By | August 12th, 2015 | Blog | 1 Comment

 

Leah Binder: “We want to start to tie payment to performance on key safety and quality metrics. Employers want to see results.”

 

One in a series of interviews with Modern Healthcare’s Top 25 Women in Healthcare for 2015.

 

 

Patient-safety organizations have proliferated in the last decade, from the respected National Patient Safety Foundation to numerous groups founded by patients or their relatives who have experienced pain and loss from medical errors. Yet few have the muscle that the Leapfrog Group does, using its research and clout on behalf of businesses that pay for their employees’ healthcare coverage.

 

That marriage of safety and statistics, with a streak of blunt boldness, is personified by Leapfrog President and CEO Leah Binder, who has led the organization since 2008. She is a friend to many in the industry, but notes that Leapfrog fiercely guards its watchdog status.

 

“I think a lot of people who are involved in the healthcare industry also have tentacles into a lot of different interest groups that they need to maintain strong ties to,” she says. “And while we also like to maintain strong ties to and collaborate with our colleagues in healthcare, we maintain a strong independence from the industry. And that has enabled us to talk about reality in a way that is different from what others who are within the system feel able to do.”

 

While she is a champion of the quality care that many systems and physicians provide, she’s not afraid to take them to task when she feels U.S. consumers and their employers aren’t getting stellar treatment.
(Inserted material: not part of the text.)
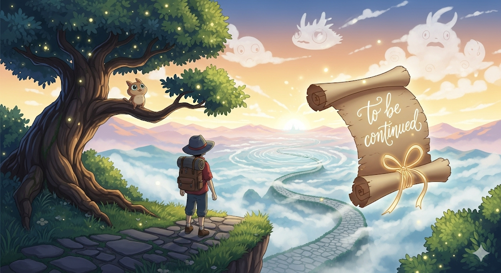 - *'to be continued'**는 서사적인 맥락에서 이야기가 다음 편으로 이어진다는 것을 알리는 정형화된 표현입니다.

Leapfrog’s voice has been getting louder and more urgent lately, Binder notes, because it hasn’t always seemed that the healthcare industry has been paying attention.

 

“When I am speaking from the perspective of a purchaser who is spending more money on healthcare than they earned in profits last year, they expect tough talk,” she says. “They want to make sure their employees are safe and healthy and they get the right value for their money. It’s just been very difficult to get that message out to the healthcare community that employers want change and expect it. “I’ve certainly had to begin to communicate in ways that make clear that the business community considers this to be serious business.”

 

Binder got to know the Leapfrog Group when she was vice president of Franklin Community Health Network, a healthcare system in Maine that participated in Leapfrog’s surveys on quality and safety. Prior to that, she was a senior policy advisor to then-New York City Mayor Rudolph Giuliani. She began her career as public policy director for the National League of Nursing.

 

Her life-changing encounter with the importance of safety came when her infant son was sick, and she and her husband couldn’t get their pediatrician to listen to them.

 

“When he was 3 weeks old, he was misdiagnosed with acid reflux. The actual diagnosis was that he had pyloric stenosis which, if it goes untreated for too long of a period, can be dangerous if not deadly,” Binder remembers. “And it was only because of my husband’s aggressiveness in insisting on a re-evaluation of him that we were able to get him in for emergency surgery. And that probably saved his life.”

 

The episode made a deep impression on Binder and her family.

 

“It just showed me that when ordinary people like me make mistakes – perhaps we miss an appointment or forget to get milk from the grocery store – they don’t have a huge impact. But when you’re in healthcare, even minor mistakes can have catastrophic effects for people. That’s a lot of pressure on people who work in the healthcare system and it is a lot of responsibility. It made me realize just how important it is for us to respect that and to make sure that vigilance continues.”

 

The Leapfrog Group conducts its vigilance through the Leapfrog Hospital Survey, an annual report that tracks hospitals’ performance on safety, quality and efficiency. Its Hospital Safety Score also assigns letter grades – from A to F – to more than 2,500 U.S. hospitals.

 

While numerous groups create “top hospital” rankings each year – so much so that a provider can pick and choose which report shows it in the most favorable light – Binder says she believes one factor elevates Leapfrog’s reach beyond the others: transparency.

 

“Our transparency is absolute,” Binder asserts. “We make everything public by hospital and there are a number of groups working with hospitals that specifically do not make that data public. They collect it in order to work with it internally to improve the safety profiles of their members, and that’s certainly one model. We believe that transparency actually galvanizes improvement faster, but we support the fact that these other groups are working on it and we know they have had success.”

 

The other pressure that the Leapfrog Group brings to bear on safety and quality is financial in nature. “We are working from the perspective of the purchaser, so we want to bring value-based purchasing into the equation,” Binder says. “We really want to start to tie payment to performance on key safety and quality metrics. Employers want to see results.”

 

Binder said she believes the industry has made significant progress on quality and safety, although she admits that the pace of change is uncomfortably slow. She is concerned about consolidation among providers and payers because she says the trend “traditionally has meant lower quality, higher costs.” But lasting change, she adds, has to come from the top, and she is not convinced healthcare CEOs have made safety the priority it should be.

 

“For me, when we start seeing CEOs believe their jobs are on the line if they can’t get the safety record better, that’s when we’re going to see rapid change,” she says. “I have heard directly from some CEOs who say that it was a very significant moment in their career when they saw the Leapfrog letter grade that reflected poorly on their hospital, and that spurred them into action. I’ve also seen some hospitals or systems that are putting CEO and senior-level compensation at risk based on their letter grade or their safety record, and that’s also a very positive sign. But we’re not there yet.”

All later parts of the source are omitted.